The researchers said oil spilled in open water tends to spread quickly and contaminate the shoreline. The Barents Sea testing found that ice can act as a natural blockade, giving responders more time for cleanup.

The findings conflict with conventional wisdom. Environmentalists cite botched spill cleanup experiments that occurred a decade ago in the Beaufort Sea. At the time, the state of Alaska determined that Prudhoe Bay oil field operator BP could not adequately clean spills in slushy water.

Shell invited state regulators, the Coast Guard, advocacy groups, Arctic village officials and others to the briefing of research paid for by BP, Shell, Chevron, Conoco Phillips, Statoil Hydro of Norway, Eni of Italy and Total of France.

The company is trying to gain support from Alaskans for offshore exploration in federal waters. The company spent more than $2 billion last year to acquire leases and is seeking state and federal permits to explore for oil next summer in the Beaufort and Chukchi seas, which geologists say may hold vast amounts of oil and natural gas.

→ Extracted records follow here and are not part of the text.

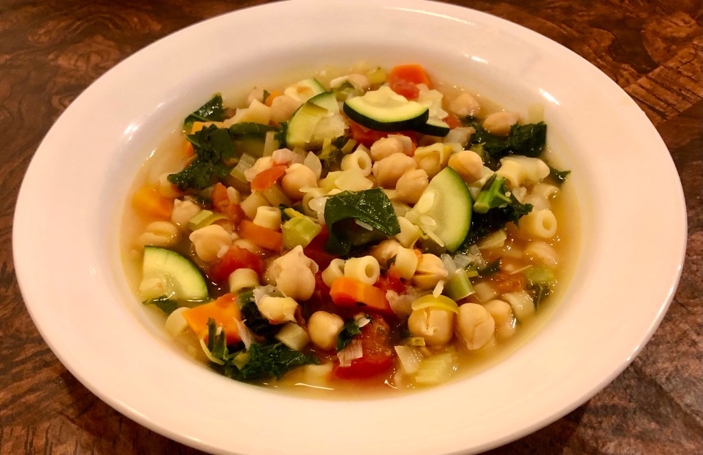 I like this recipe because you can change it up depending on what you have on hand. No spicy tomatoes? Use a can of regular tomatoes and a couple of shakes of red pepper flakes. Have some broccoli or green beans that need using? Chuck those in. Tonight I used zucchini, kale (cut up the stems and put them in earlier), a leek, and tarragon. Also if you are not vegan/vegetarian you can use chicken broth, or a parmesan rind, and a sprinkle of the parm on top. Be sure to season your items as you cook them. This dish definitely needs salt and pepper.
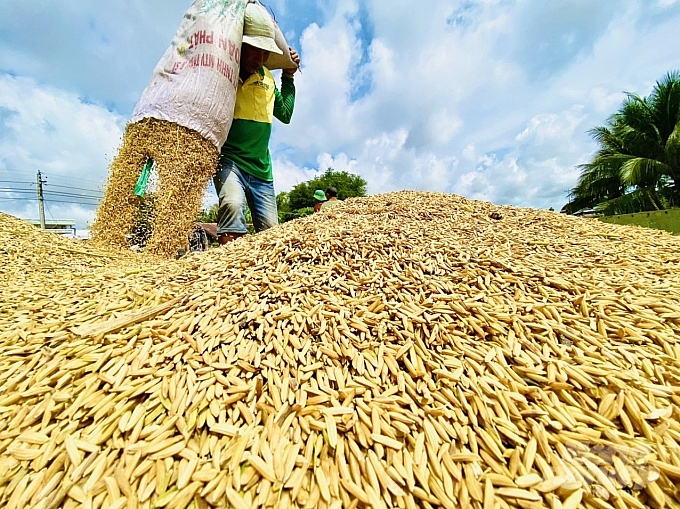 Theo các thương lái, hiện giá lúa Thu đông đang ở mức cao hơn từ 200-400 đồng/kg so với hồi đầu vụ (tức thời điểm cuối tháng 9/2021).
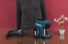 Аккумуляторная капельная кофеварка Makita DCM501Z — это компактное, легкое и простое в использовании устройство. С его помощью можно разнообразить ассортимент горячих напитков во время ремонта или отделочных работ.
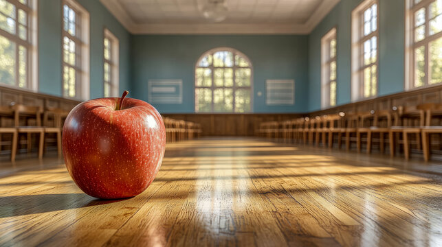 Vibrant red apple rests on gleaming wooden floor, bathed in golden sunlight within empty, nostalgic school hall, lined with rows of vintage chairs and large windows
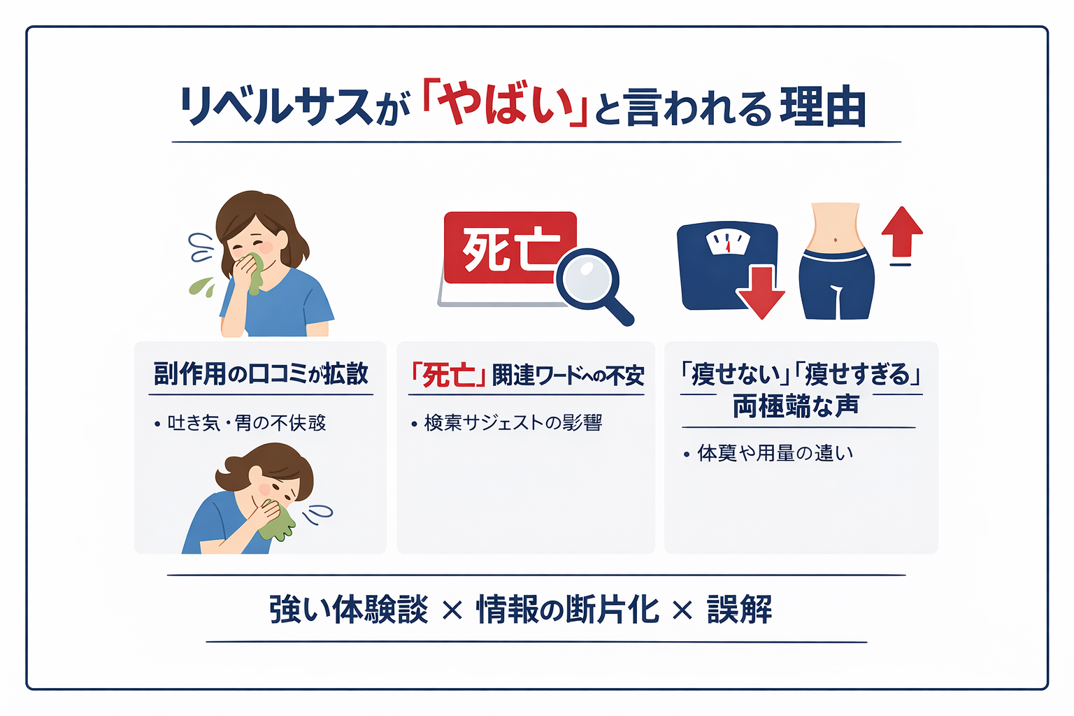 では、なぜ「リベルサス」と「死亡」という言葉が結びついているのでしょうか。背景として考えられるのは、次のような要因です。
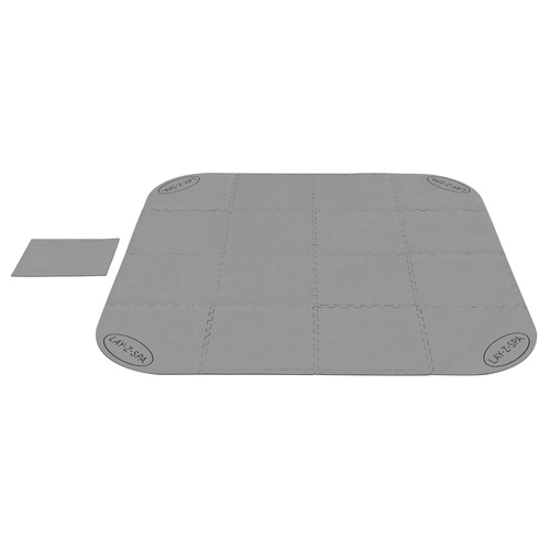 Praktiškas Bestway apsauginis kilimėlis LAY‑Z‑SPA sūkurinėms vonioms saugo dugną nuo pažeidimų ir nešvarumų, gerina stabilumą ir suteikia papildomą šiluminę izoliaciją. Rinkinį sudaro 17 dalių, kurias lengva sudėti į kvadratą 196 × 196 cm, taip pat įtraukta stačiakampė pompos pagrindo pagalvėlė. Suderinama su visais LAY‑Z‑SPA modeliais, yra galimybė išplėsti sujungiant kelis rinkinius.
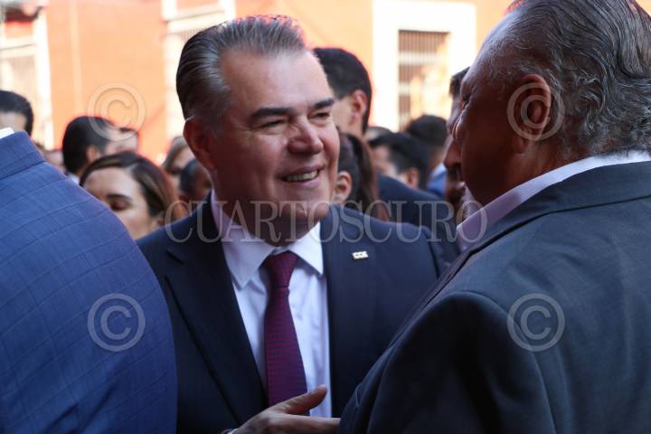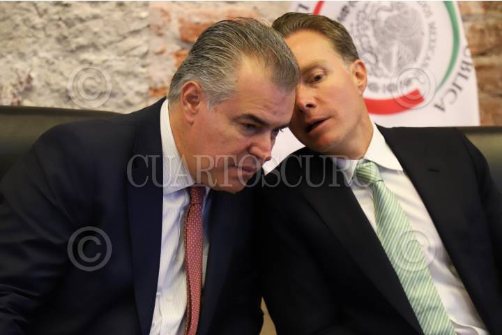 CIUDAD DE MÉXICO, 26AGOSTO2025.- Francisco Cervantes, presidente del CCE, dialoga con el coordinador de la bancada del Partido Verde en el Senado, Manuel Velasco, durante la reunión plenaria de los legisladores del PVEM. FOTO: DANIEL AUGUSTO/ CUARTOSCURO.COM
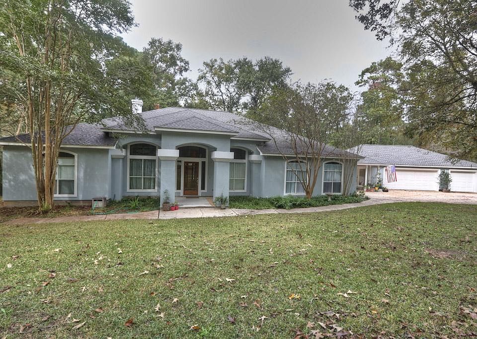 Large one-story home on almost 4 rolling, wooded acres offers amazing privacy in tranquil setting. Wood flooring, custom woodwork and built-ins,4 bedrooms, 3 full baths, large study, formal dining, generous kitchen, huge gameroom. Expansive windows bring the outdoors in. Detached 3-car garage plus guest quarters w/full bath & small fridge. (418SF quarters not included in 2933 building sf)Large deck w/outdoor kitchen & hot tub. Enjoy birds,wildlife, serenity, only minutes from Woodlands.
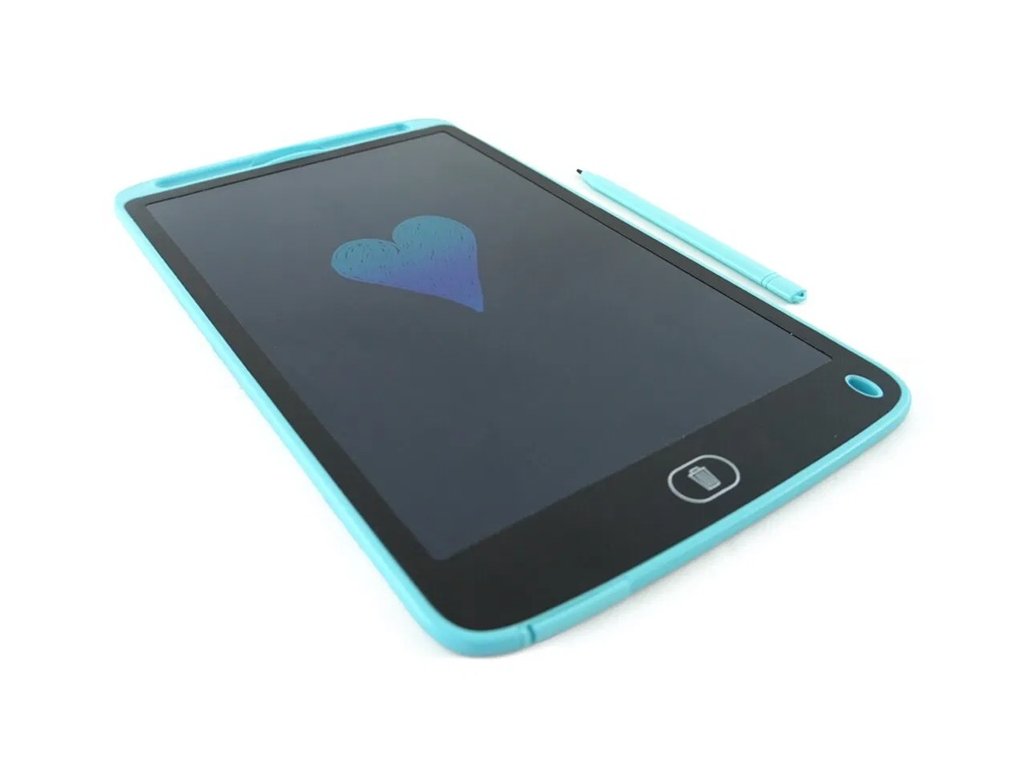 Kreslící tabulka - tablet. Přiloženou tužkou nakresli obrázek na tabulku a zmáčknutím jednoho tlačítka ho smaž. Tabulka je ve tvaru úzkého tabletu. Je moderní a designová. Má barevný podklad - nakreslené obrázky jsou na ní barevné. Velikost 10,5 palce.
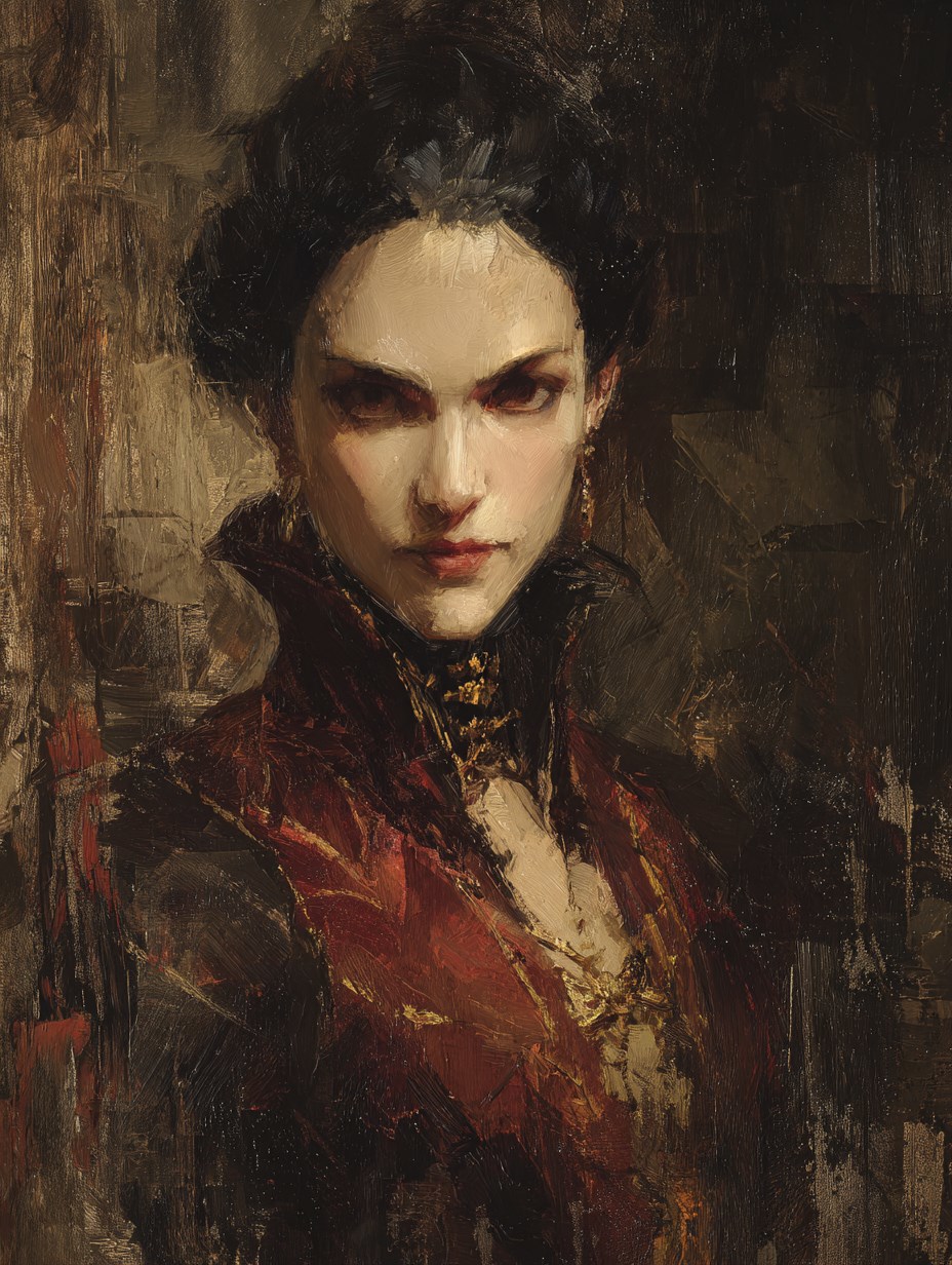 A large portrait of a beautiful noble woman. A very chiseled, intelligent, and stern face. Cherry-red eyes squint, carmine lips curved contemptuously. Black hair with a soft sheen. A fiery scarlet and black dress, high-necked, with wide sleeves and twisted gold cords. The cut of the dress is from the 18th century. Art by Vladyslav Yerko --chaos 5 --ar 3:4 --profile ajdobjp --stylize 150

"This does nothing to reduce the likelihood of a catastrophic oil spill," said Whit Sheard of Pacific Environment, one of the groups that has sued to block Shell exploration in the Arctic, referring to the research presented.

Several conservation groups and Arctic village governments have sued to block Shell's drilling, saying it could cause pollution and interfere with subsistence whale hunts.

The researchers said they conducted the test by discharging thousands of gallons of crude oil in broken and slushy ice off the northern coast of Norway - such experiments have never been approved in U.S. waters.

The scientists tested several cleanup techniques, including scraping it up with mechanical skimmers, burning oil surrounded by fireproof booms, and using chemical dispersants to force the oil to dilute to the point it can be eaten by micro-organisms.

All three techniques removed most of the spilled oil, said Stein Sorstrom, SINTEF's program coordinator.